# What is expected
Task for the records below: please retype exactly and only the lines from the first through the one with "Электрический перфоратор Denzel", with every picture omitted.

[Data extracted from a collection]
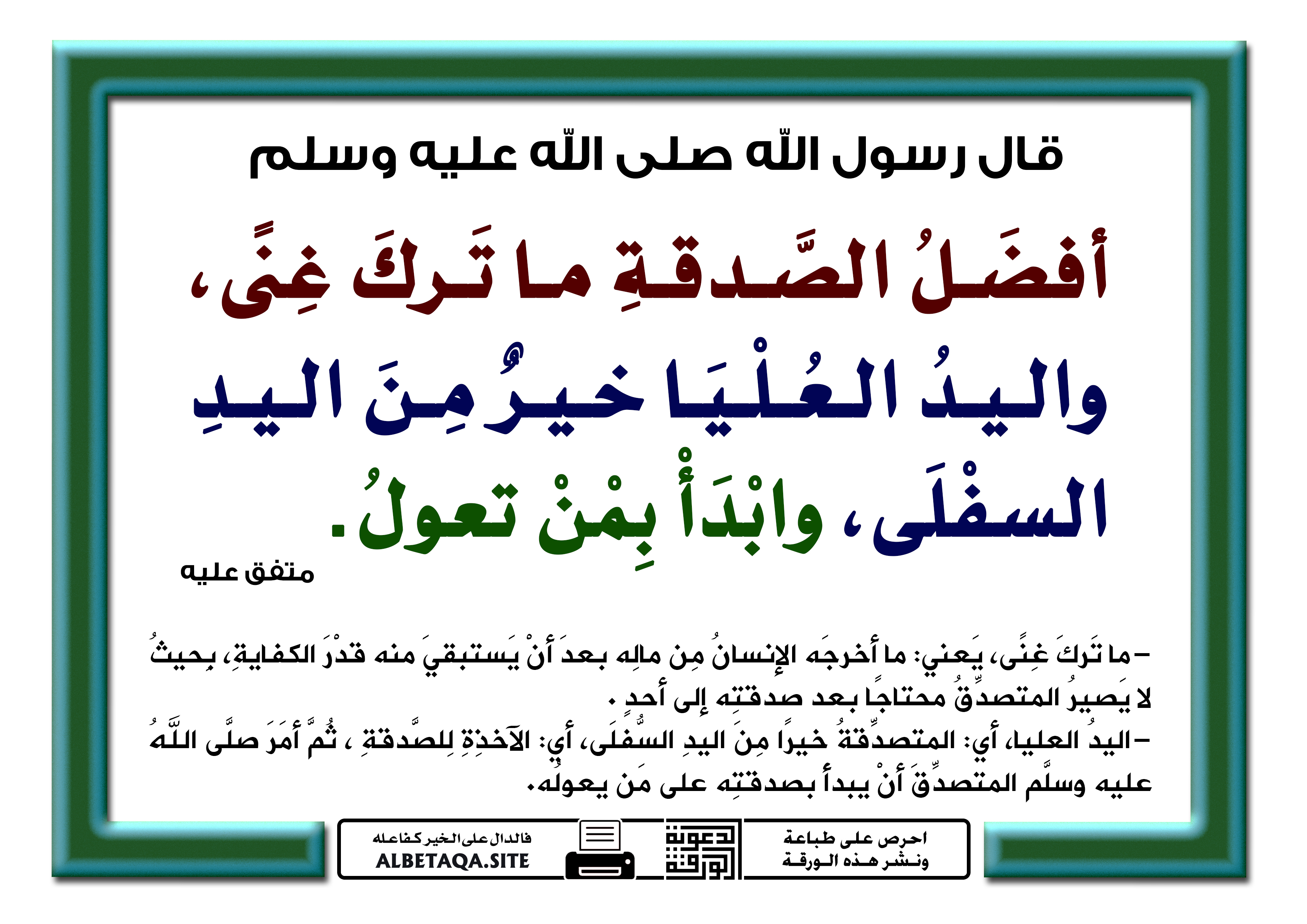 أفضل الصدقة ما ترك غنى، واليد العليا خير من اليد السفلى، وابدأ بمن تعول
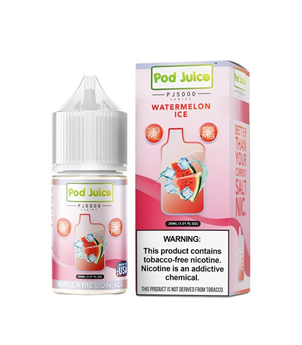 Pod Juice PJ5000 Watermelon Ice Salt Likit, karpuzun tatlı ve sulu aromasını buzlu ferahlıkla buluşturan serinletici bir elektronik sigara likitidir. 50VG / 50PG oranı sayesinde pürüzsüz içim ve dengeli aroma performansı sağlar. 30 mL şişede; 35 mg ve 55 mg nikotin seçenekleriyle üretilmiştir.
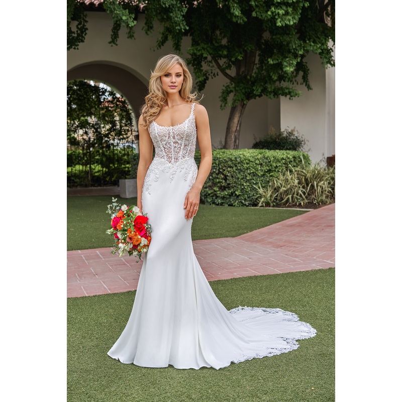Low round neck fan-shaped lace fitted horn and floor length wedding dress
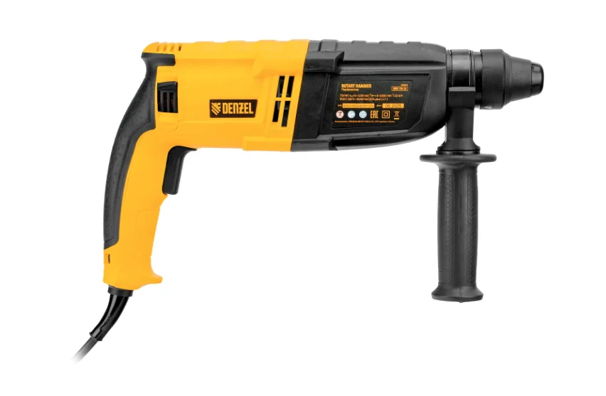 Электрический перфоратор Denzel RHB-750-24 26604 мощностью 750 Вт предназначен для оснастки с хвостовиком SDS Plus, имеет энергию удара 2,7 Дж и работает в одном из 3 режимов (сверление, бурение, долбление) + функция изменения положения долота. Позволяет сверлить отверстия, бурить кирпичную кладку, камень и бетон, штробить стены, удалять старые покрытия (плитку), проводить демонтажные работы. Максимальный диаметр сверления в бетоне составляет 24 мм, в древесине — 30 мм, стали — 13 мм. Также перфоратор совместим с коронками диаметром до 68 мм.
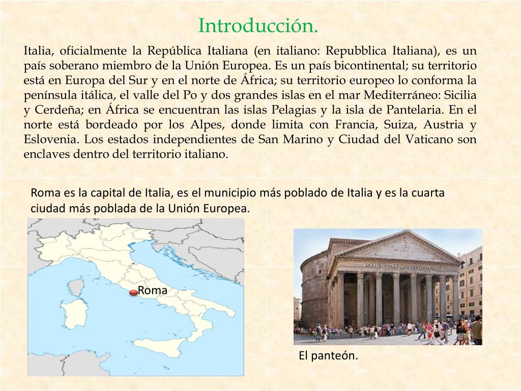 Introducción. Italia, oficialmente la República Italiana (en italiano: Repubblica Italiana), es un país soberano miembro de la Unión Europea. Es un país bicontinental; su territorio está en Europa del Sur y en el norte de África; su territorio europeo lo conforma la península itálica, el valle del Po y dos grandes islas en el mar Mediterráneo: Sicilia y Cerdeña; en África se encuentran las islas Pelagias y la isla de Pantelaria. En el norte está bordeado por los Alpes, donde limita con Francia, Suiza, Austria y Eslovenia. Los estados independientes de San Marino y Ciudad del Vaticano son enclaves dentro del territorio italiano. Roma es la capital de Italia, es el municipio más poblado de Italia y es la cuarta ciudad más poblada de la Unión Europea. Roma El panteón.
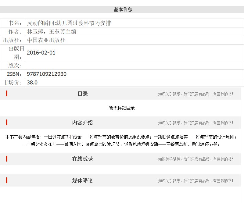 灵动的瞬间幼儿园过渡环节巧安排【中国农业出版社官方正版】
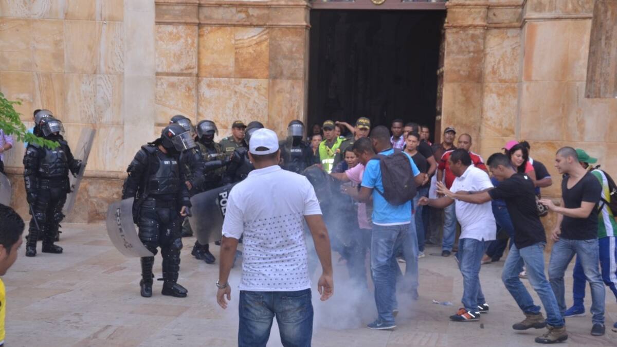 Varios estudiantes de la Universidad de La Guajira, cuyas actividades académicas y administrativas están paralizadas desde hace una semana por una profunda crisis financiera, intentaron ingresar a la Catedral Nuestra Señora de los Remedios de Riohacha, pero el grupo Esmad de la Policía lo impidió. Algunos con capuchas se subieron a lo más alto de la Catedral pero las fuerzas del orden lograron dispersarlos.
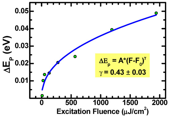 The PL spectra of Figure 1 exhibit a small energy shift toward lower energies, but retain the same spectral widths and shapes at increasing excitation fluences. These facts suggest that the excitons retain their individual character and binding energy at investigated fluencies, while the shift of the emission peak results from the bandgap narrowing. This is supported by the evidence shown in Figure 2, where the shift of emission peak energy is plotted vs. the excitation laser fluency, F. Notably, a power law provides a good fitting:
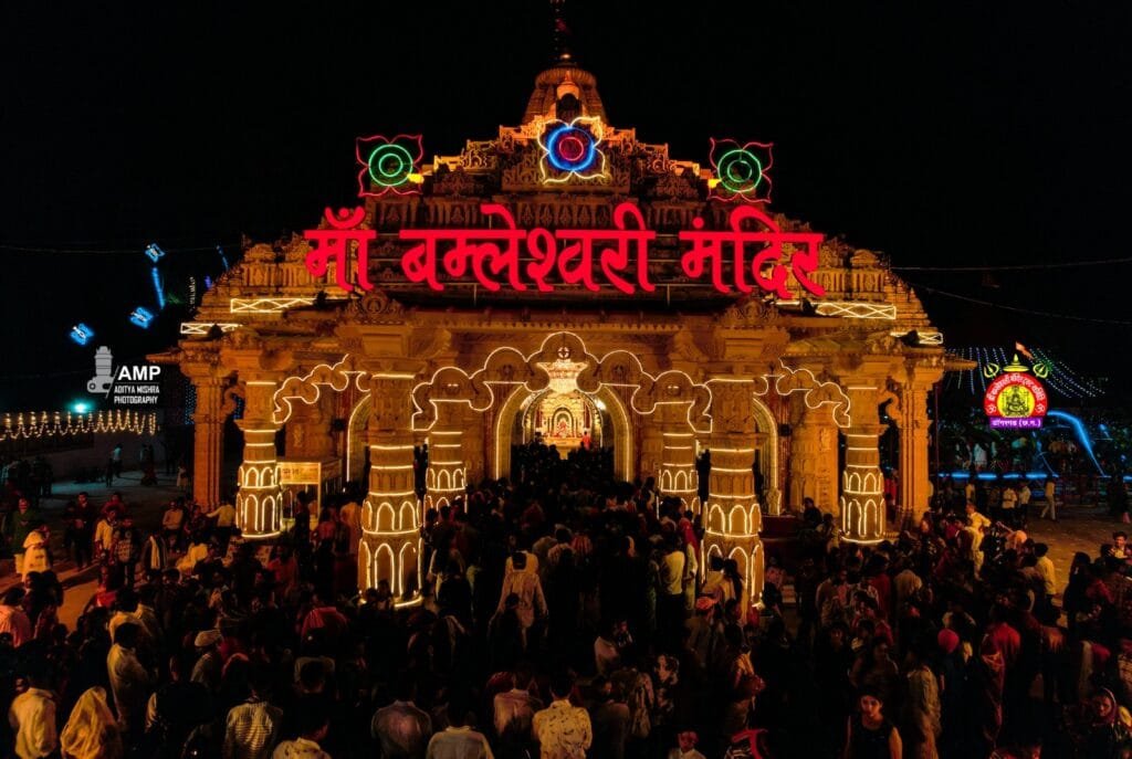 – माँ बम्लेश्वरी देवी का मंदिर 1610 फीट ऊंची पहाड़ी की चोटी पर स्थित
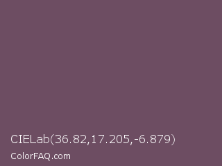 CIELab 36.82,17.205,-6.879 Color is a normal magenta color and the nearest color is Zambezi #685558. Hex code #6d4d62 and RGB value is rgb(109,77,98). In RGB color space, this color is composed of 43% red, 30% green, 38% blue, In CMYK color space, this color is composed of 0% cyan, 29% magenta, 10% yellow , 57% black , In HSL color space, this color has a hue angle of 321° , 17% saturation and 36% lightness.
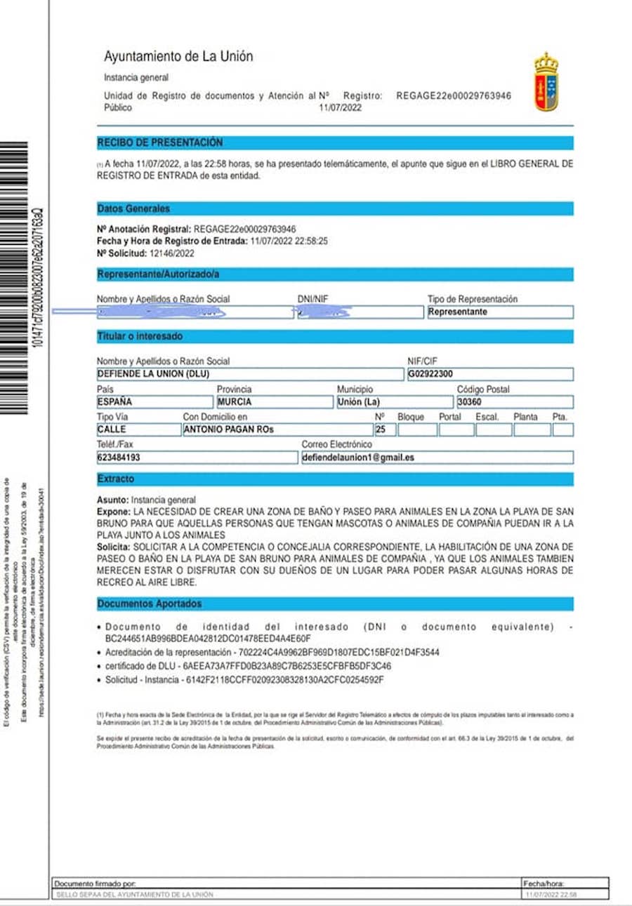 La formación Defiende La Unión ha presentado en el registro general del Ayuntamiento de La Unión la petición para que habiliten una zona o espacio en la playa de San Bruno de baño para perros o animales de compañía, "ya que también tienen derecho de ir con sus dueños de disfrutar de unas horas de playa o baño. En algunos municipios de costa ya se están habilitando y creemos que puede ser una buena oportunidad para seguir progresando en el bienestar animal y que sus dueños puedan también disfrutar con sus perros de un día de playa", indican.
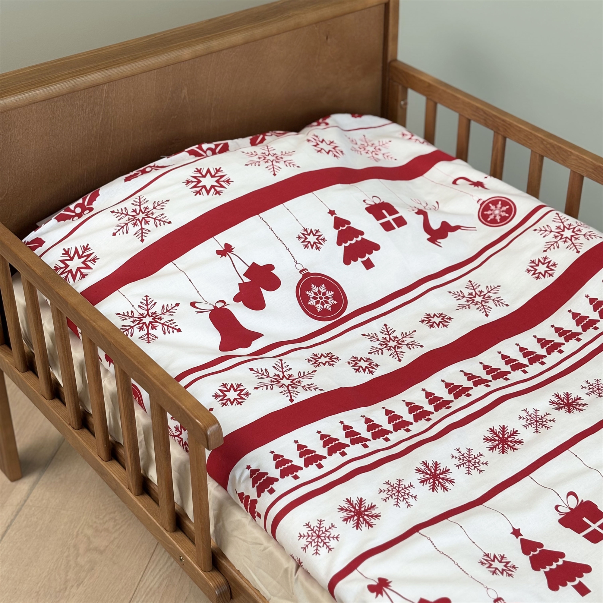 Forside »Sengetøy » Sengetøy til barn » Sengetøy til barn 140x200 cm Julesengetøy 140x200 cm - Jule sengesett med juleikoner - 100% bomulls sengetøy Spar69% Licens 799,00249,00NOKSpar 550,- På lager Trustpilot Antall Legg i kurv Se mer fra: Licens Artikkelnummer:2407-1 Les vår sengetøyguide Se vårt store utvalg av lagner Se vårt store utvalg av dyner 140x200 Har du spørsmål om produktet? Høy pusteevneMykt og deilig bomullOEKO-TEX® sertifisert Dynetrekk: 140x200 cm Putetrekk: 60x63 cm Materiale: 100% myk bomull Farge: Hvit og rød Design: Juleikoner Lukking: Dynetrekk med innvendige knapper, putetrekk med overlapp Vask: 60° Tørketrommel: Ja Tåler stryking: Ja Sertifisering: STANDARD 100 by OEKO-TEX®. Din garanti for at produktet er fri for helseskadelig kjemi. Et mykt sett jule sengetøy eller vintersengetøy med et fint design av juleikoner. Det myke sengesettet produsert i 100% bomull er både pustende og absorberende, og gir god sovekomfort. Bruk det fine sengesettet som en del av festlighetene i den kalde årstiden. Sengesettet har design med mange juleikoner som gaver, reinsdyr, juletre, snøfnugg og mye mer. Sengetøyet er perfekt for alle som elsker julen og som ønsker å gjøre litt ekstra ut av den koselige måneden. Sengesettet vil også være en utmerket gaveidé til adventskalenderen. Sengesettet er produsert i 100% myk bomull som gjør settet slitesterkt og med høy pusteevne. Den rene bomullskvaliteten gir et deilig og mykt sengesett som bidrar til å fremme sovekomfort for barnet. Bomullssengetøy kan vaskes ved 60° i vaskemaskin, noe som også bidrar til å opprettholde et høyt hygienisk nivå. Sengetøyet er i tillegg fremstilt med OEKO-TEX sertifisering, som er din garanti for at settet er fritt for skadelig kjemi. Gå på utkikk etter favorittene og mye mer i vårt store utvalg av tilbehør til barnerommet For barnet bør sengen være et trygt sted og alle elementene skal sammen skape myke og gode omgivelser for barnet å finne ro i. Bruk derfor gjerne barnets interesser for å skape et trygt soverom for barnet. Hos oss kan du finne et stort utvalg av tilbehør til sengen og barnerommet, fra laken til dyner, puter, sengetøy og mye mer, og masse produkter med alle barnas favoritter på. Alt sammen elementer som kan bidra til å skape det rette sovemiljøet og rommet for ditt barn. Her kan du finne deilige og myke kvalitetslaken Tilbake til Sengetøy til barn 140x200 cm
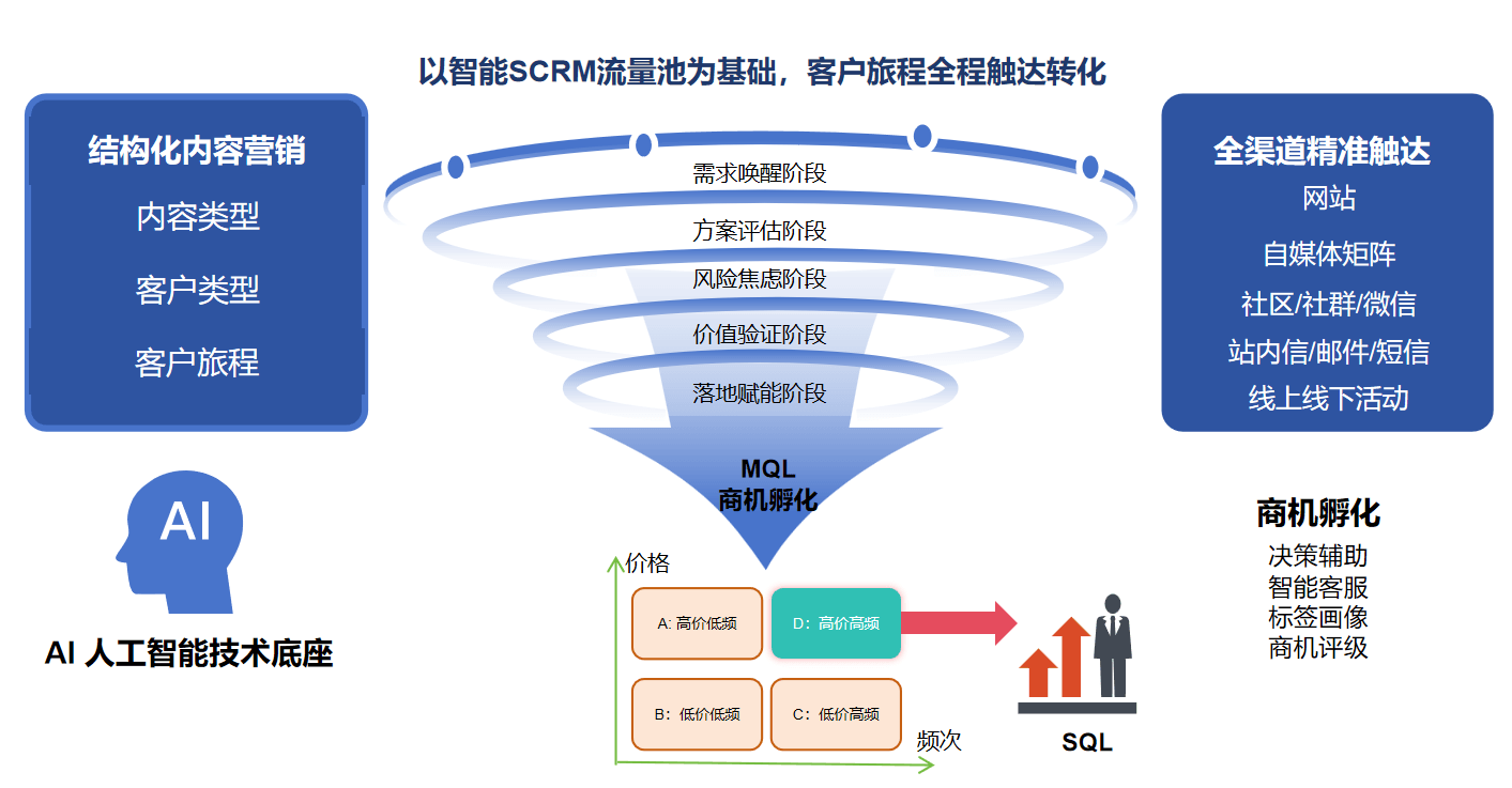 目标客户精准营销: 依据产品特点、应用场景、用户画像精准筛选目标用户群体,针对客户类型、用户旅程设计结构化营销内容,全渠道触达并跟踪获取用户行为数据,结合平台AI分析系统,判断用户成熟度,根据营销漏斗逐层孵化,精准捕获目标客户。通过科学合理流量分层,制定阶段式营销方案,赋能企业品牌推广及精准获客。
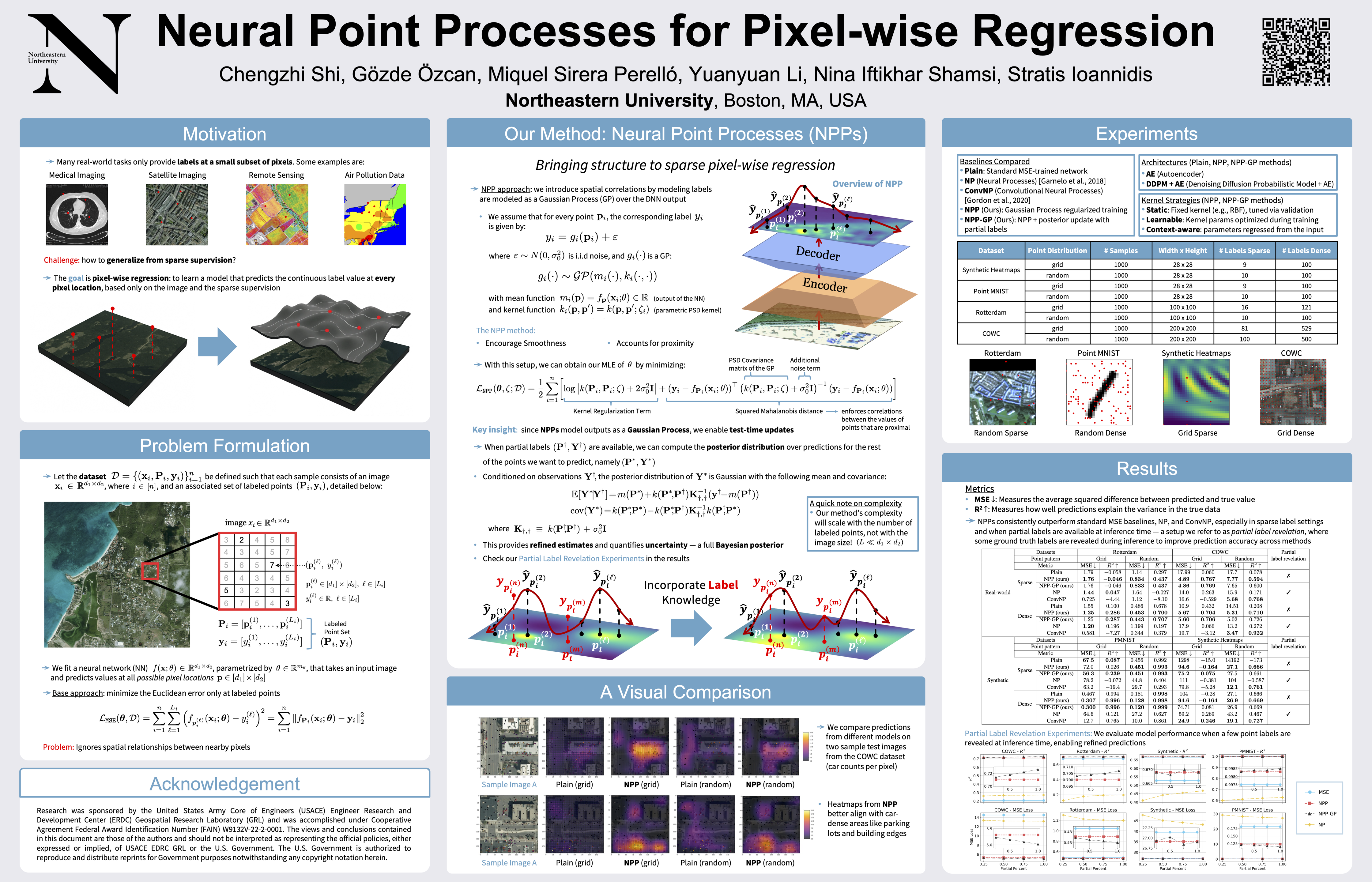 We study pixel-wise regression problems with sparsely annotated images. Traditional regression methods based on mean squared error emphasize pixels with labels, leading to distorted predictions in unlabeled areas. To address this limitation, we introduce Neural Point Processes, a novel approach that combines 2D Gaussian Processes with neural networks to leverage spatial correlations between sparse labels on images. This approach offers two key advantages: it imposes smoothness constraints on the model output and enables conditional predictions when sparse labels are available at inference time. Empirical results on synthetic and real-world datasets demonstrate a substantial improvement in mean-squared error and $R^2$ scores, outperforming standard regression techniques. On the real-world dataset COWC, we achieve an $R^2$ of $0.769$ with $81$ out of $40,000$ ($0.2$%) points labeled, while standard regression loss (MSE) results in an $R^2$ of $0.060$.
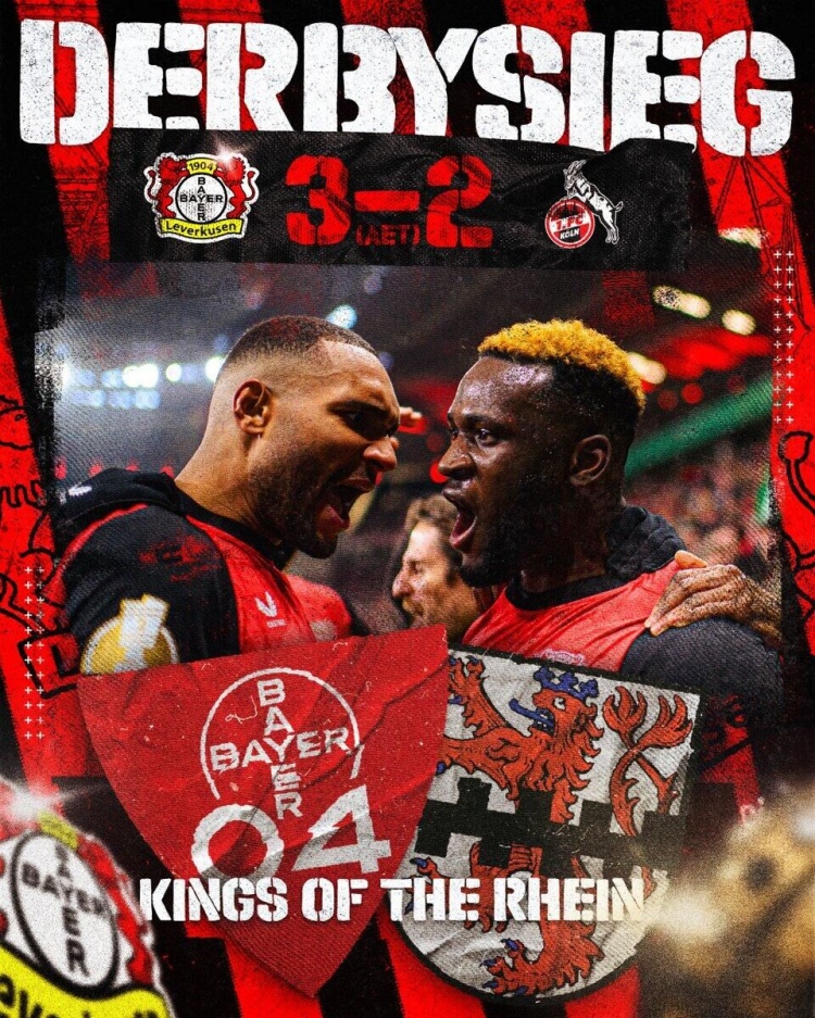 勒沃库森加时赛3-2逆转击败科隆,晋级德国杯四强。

# The answer
 أفضل الصدقة ما ترك غنى، واليد العليا خير من اليد السفلى، وابدأ بمن تعول
 Pod Juice PJ5000 Watermelon Ice Salt Likit, karpuzun tatlı ve sulu aromasını buzlu ferahlıkla buluşturan serinletici bir elektronik sigara likitidir. 50VG / 50PG oranı sayesinde pürüzsüz içim ve dengeli aroma performansı sağlar. 30 mL şişede; 35 mg ve 55 mg nikotin seçenekleriyle üretilmiştir.
Low round neck fan-shaped lace fitted horn and floor length wedding dress
 Электрический перфоратор Denzel RHB-750-24 26604 мощностью 750 Вт предназначен для оснастки с хвостовиком SDS Plus, имеет энергию удара 2,7 Дж и работает в одном из 3 режимов (сверление, бурение, долбление) + функция изменения положения долота. Позволяет сверлить отверстия, бурить кирпичную кладку, камень и бетон, штробить стены, удалять старые покрытия (плитку), проводить демонтажные работы. Максимальный диаметр сверления в бетоне составляет 24 мм, в древесине — 30 мм, стали — 13 мм. Также перфоратор совместим с коронками диаметром до 68 мм.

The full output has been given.